Mexico’s water agency notified the U.S. government that it wanted to cut its releases this month and store water in Mead, something that would have been impossible under the rules ten years ago. As I’ve written before, the Metropolitan Water District of Southern California will take less water out of Mead in 2019 than it has in any year since the 1950s.
The result is that the Bureau’s current operating plan calls for releasing just 225,000 acre feet of water from Lake Mead in December 2019. I went back through a decade of USBR records (more research clearly needed, this is fascinating!) and that is by far the lowest December release I found.
The idea behind “Hoover Down” is that the dam acts as a funnel that translates rules into moving water. Downstream, that water spreads out across the landscape. As the rules change, the volume of water flowing through the dam changes, and the landscape from Hoover down – not just the river corridor itself, but all the places beyond that use its water – changes as well.
There are a lot of places I could tell this story. I’m thinking about “Hoover Down” in significant part because of my love for that part of the Colorado River Basin – the basin of my childhood.
CRWUA – hitting “pause”
Friday’s tour was a coda to last week’s meeting of the Colorado River Water Users Association. Rules were the primary focus of the discussion, and a part of the work for “Hoover Down” will involve a close examination of the work over the next “n” years on a new, or newly revised, set of rules for how much water enters and leaves Lake Mead. The value of “n” itself is an interesting uncertainty in the whole thing. This book may take a while.
It was a “no big news” CRWUA, the kind where I was glad I wasn’t a beat reporter any more having to gin up a quick story. Ian James (who also joined the tour) turned a nice daily that focused on the key element. Rather than quickly going on to the next phase of “Law of the River” negotiations, Interior is hitting the “pause” button for a year long review of how the current river rules are working.

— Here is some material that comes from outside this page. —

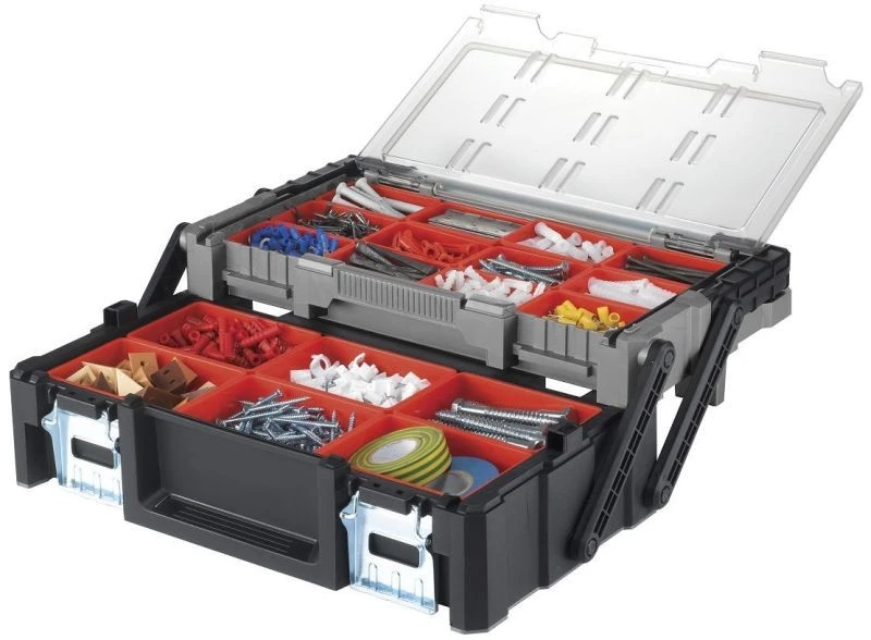 Mit der Werkzeugkiste CANTILEVER 18″ von Keter haben Sie Ihre Werkzeuge und Schrauben ordentlich und übersichtlich auf 2 Ebenen gelagert und immer sofort griffbereit! Dies erspart Ihnen mühsames Suchen und das Tragen verschiedenster Kisten. Dieser schicke Sortierkasten ist nicht nur für Heimwerker geeignet!

Speaking on the day’s final session, Interior Secretary David Bernhardt emphasized some interesting points, including the need for the next round of “Law of the River” negotiations to include Native American and environmental NGO interests. An Interior Secretary CRWUA speech is about signalling – that was a particularly important signal. How it translates into action remains to be seen, but the marker has been very publicly placed on the board.
As I think back to book two in “the series”, about how the network functions both formally and informally, I’m intrigued by the way the pause creates some space for informal discussions about what folks want the next round of rule discussions to look like and include.